Copy each line below exactly and leave the pictures out.

Source data:
* * *

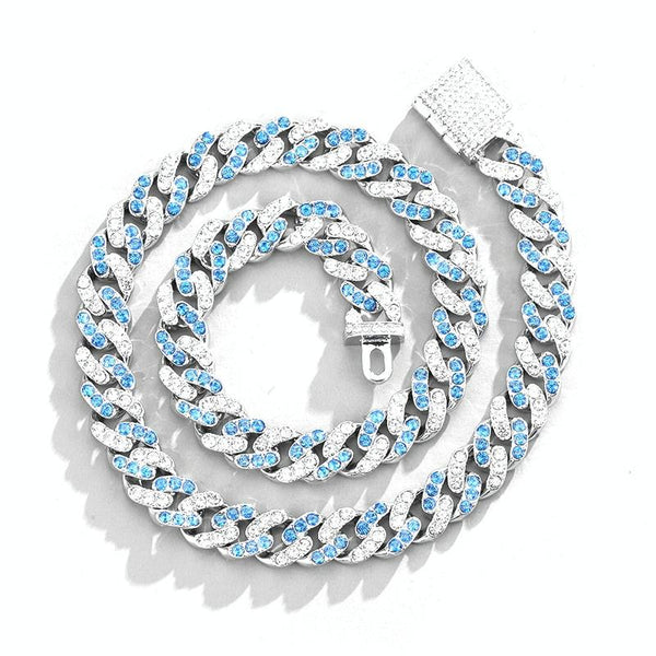 NL023 11mm Box Buckle Hip Hop Bracelet, Size: 20cm (White Blue)
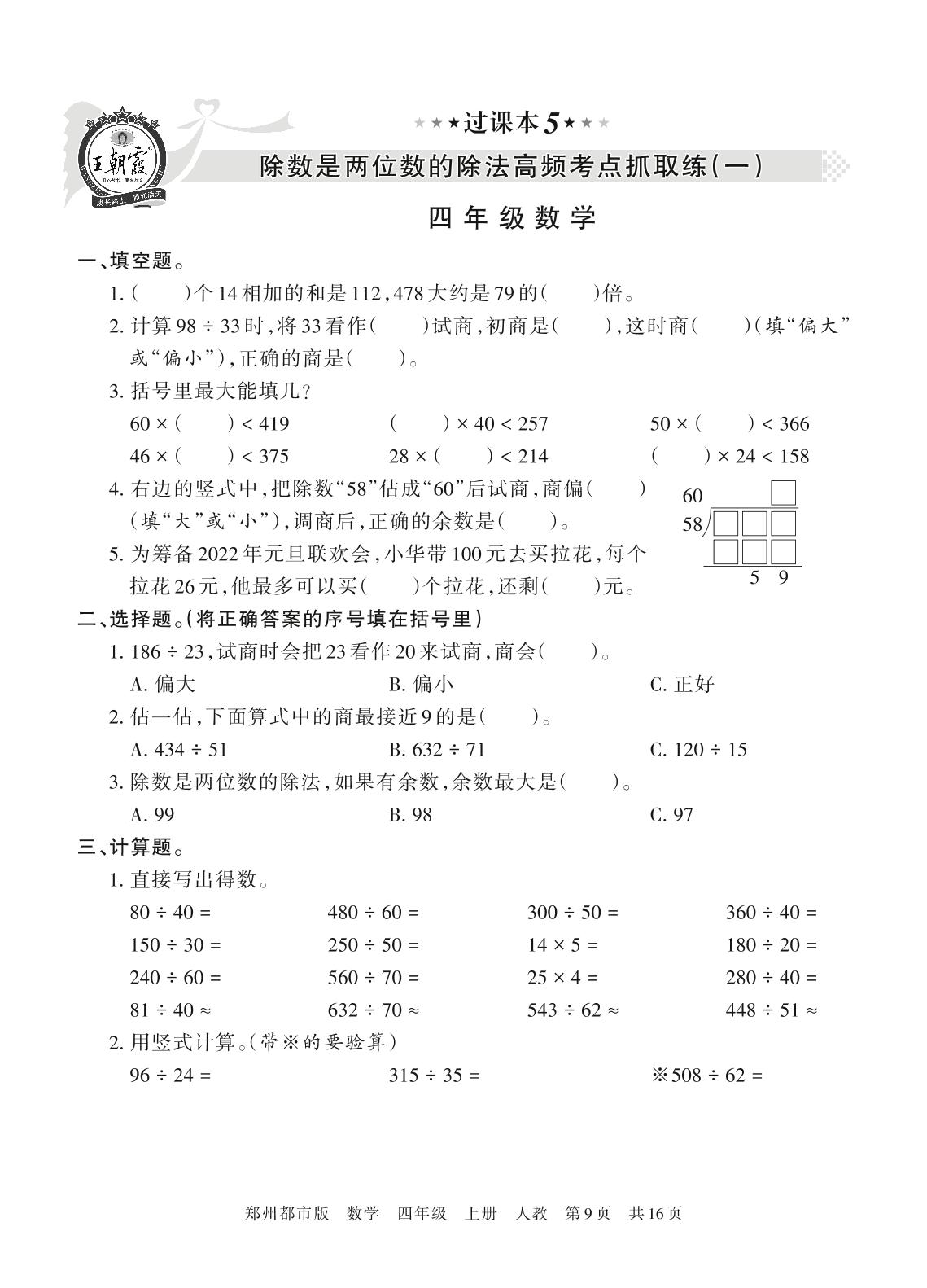 王朝霞期末过课本——除数是两位数的除法高频考点抓取练(一)四年级上册数学(人教版)_R211223120117192【5】
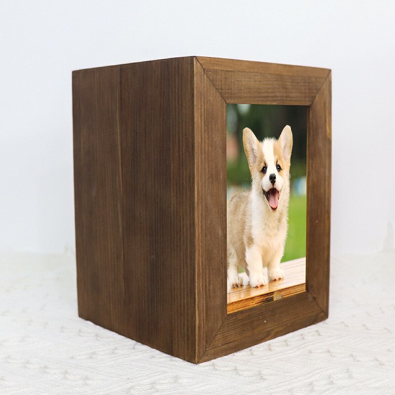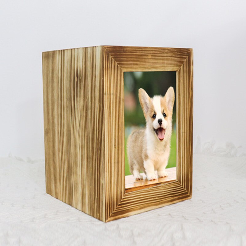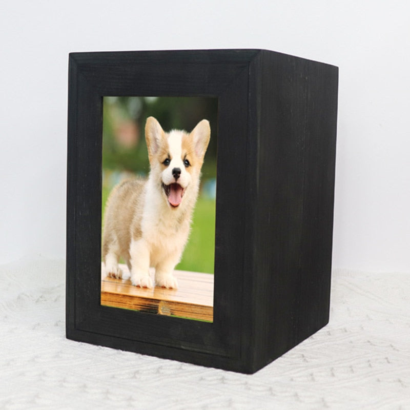 - The personalized pet urn allows one pictures to be inserted on the front of the box, and unique carved paw prints with it. Perfect for remembering your favorite moments with your best friend.

* * *

Exercise response:
 NL023 11mm Box Buckle Hip Hop Bracelet, Size: 20cm (White Blue)
 王朝霞期末过课本——除数是两位数的除法高频考点抓取练(一)四年级上册数学(人教版)_R211223120117192【5】
 - The personalized pet urn allows one pictures to be inserted on the front of the box, and unique carved paw prints with it. Perfect for remembering your favorite moments with your best friend.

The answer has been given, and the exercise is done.